Эрнестина Федоровна явила — в очень мучительных для нее жизненных условиях — редчайшее самообладание. Она, в частности, ни разу за все четырнадцать лет ничем не обнаружила, что знает о любви мужа к другой. Единственное, о чем она говорила в письмах к Тютчеву, — что он разлюбил ее, и давала понять, что поэтому им следует расстаться.
2 июня 1851 года он писал в ответ на письмо жены, отправленное из Овстуга: «Итак, любовь моя к тебе — лишь вопрос нервов, и ты говоришь мне этот вздор с выражением покорной убежденности…» Через четыре дня он продолжает: «Ты воображаешь, что привязанность моя к тебе ничто иное, как недуг… что если бы я утратил тебя, то едва улеглось бы первое горе, как борозда, оставленная памятью о тебе, спокойно затянулась бы» (выделенные Тютчевым слова излагают суждения жены).
Выше говорилось, что в течение 1851–1854 годов отношения поэта с женой почти целиком сводились к переписке.
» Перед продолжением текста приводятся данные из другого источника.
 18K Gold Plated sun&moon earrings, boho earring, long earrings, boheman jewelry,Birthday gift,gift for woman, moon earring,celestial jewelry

Но это была поистине жизнь в письмах — жизнь, проникнутая высоким напряжением души, жизнь, полная мысли и чувства. За эти три с небольшим года поэт отправил жене более сотни писем, притом чаще всего пространных и насыщенных глубоким смыслом, хотя бы в их подтексте, в намеках и подразумеваниях. Эти письма — целая история жизненных отношений, то обостряющихся до крайности, то находящих пути к примирению.
Уже было сказано, что Эрнестина Федоровна не решалась или же не унижалась до разговоров о той, которая встала между нею и мужем. И здесь, по-видимому, проявлялись не только свойства ее духа, но и беспредельность ее любви.
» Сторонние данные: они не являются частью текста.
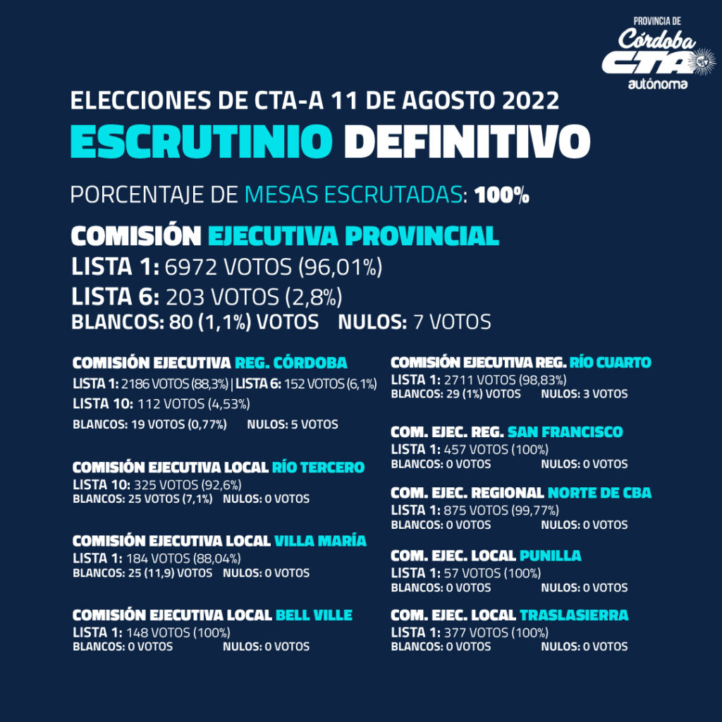 En tanto, la dirigente de ATE, Rafaela Alcoba, será la nueva Secretaria General de la CTA Autónoma Río Cuarto, con Marcelo Ortiz como Secretario Adjunto en representación del Cispren. Con 2711 votos la Lista 1 “Germán Abdala” reafirma el rumbo del nuevo modelo sindical, combativo y en las calles. El próximo equipo tendrá un gran componente de la FeNaT y Juventudes, y la participación de APECAF y el Sindicato de Trabajadores de la Vía Pública. “Reafirmamos el rumbo: Organizar el campo popular, con más articulación social y sindical, y sobre todo con una fuerte agenda feminista”, expresó Alcoba.

В 1850 году ей исполнилось сорок лет, ею уже не владела та молодая сила страсти, которая запечатлена в обращенных к ней тютчевских стихотворениях тридцатых годов. Но любовь ее все же была безгранична. Ее падчерица Дарья писала сестре Анне о том, как Эрнестина Федоровна встречала мужа на дороге из Рославля в Овстуг в августе 1855 года:
«Дважды в день напрасно ходили на большую дорогу, такую безрадостную под серым небом… По какой-то интуиции она (Эрнестина Федоровна. — В. К.) велела запрячь маленькую коляску, погода прояснилась… и мы покатили по большой дороге… Каждое облако пыли казалось нам содержащим папу, но каждый раз было разочарование; то это было воловье стадо, то телега… Наконец, доехав до горы, которая в 7 верстах от нас… мама прыгает прямо в пыль… У нее было что-то вроде истерики… Если бы папа не приехал в Овстуг, мама была бы совсем несчастна».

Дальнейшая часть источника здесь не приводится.